Historic Hunting Lodge EPDM Flat Roof Restoration in Harmony, Johnston, RI

Pinnacle makes every roof affordable with monthly financing options, including 0% interest for 18 months.

Some projects carry more history than others. On Putnam Pike in the village of Harmony, Johnston, RI, Pinnacle Roofing was entrusted with the flat roof restoration of a turn-of-the-century hunting lodge — a fieldstone and green-shingled structure that has anchored the neighborhood for over a hundred years. The old flat roof section had been leaking severely, with water making its way through a failing rubber membrane and soaked fiberboard into the interior spaces below. This was not a project for standard residential shingle work — it required commercial-grade flat roof expertise, proper building code compliance on the tear-off, and an EPDM membrane system designed to protect this unique building for decades to come.

Scope of Work

Flat roof restoration on a historic structure demands a methodical approach that standard residential roofing does not. We began by removing the upper rubber membrane layer, which had become brittle and was pulling away from the edges. Beneath it, the original fiberboard insulation was completely saturated — the kind of damage that develops over years of slow leaking through membrane seams that had lost adhesion. Beneath the fiberboard, we discovered a tar and gravel roof — a common system on commercial and institutional flat roofs from the early and mid-twentieth century. Per Rhode Island building code, we removed all wet insulation and loose tar and gravel down to a solid substrate, ensuring the new system would be built on a stable, dry foundation rather than layered over compromised material.
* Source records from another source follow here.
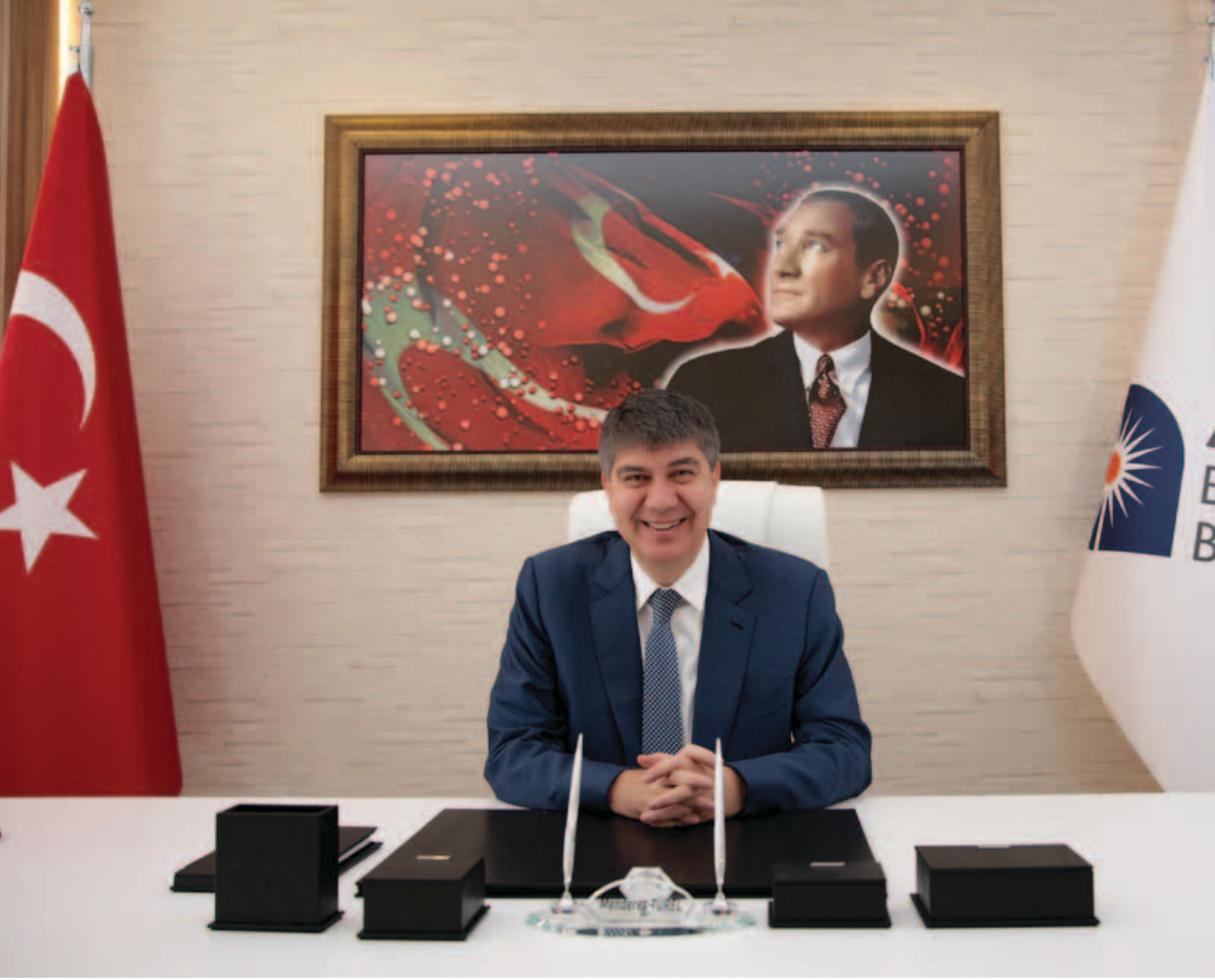
Menderes TÜREL Antalya Büyükşehir Belediye Başkanı
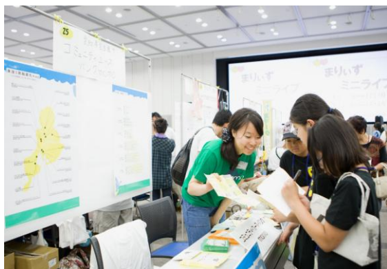
【ブース出展】 DECO スクール 2011
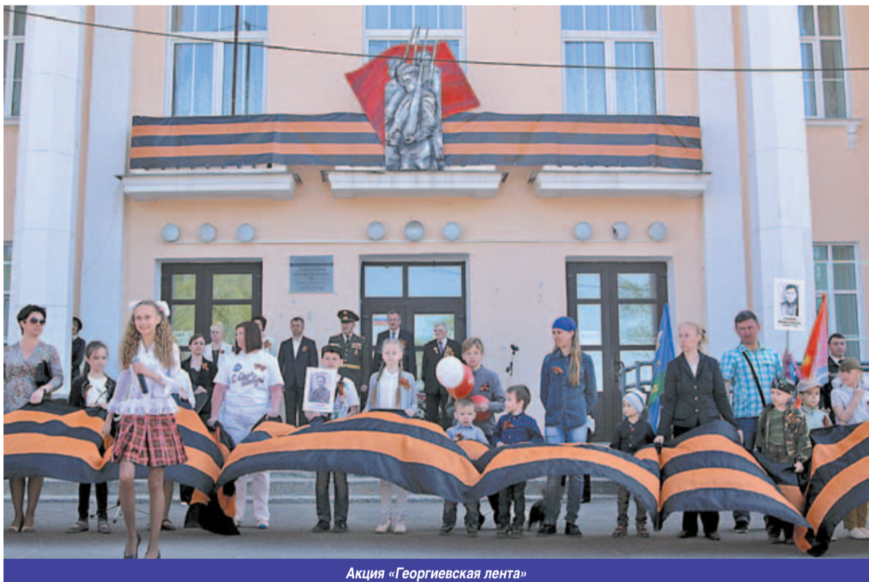
Акция «Георгиевская лента»
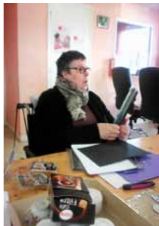
Atelier de scrapbooking
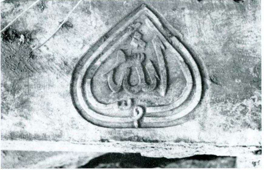
Res. 2 — Karadeniz Ereğlisi'ndeki çeşme parçalarından
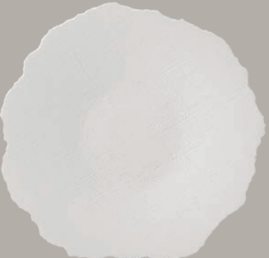
21141247 Prato Fundo Deep Plate Prato Hondo Assiette Creuse △ 540 gr A 69 mm Ø 270 mm △ 1 1/5 lbs H 2 5/7" Ø 10 5/8"

With the deck cleaned and inspected, we began building the new roof assembly from the bottom up. New polyiso rigid insulation boards were secured to the deck using commercial-grade screws and stress plates — a mechanical fastening system that resists wind uplift without relying solely on adhesive, which can fail on older substrates. The insulation boards were tapered where needed to promote positive drainage toward the existing scuppers and drains. Over the insulation, we installed EPDM (ethylene propylene diene monomer) membrane using a low-VOC adhesive — an important detail on a building where occupants are present and off-gassing from traditional adhesives would be a concern. At the membrane seams, we applied double-sided seam tape to create a continuous waterproof surface with no exposed adhesive at the joints. Around the perimeter, new pre-finished edge metal was installed and sealed with cured EPDM cover tape, ensuring the roof edges — where flat roof leaks most commonly begin — are fully secure and watertight.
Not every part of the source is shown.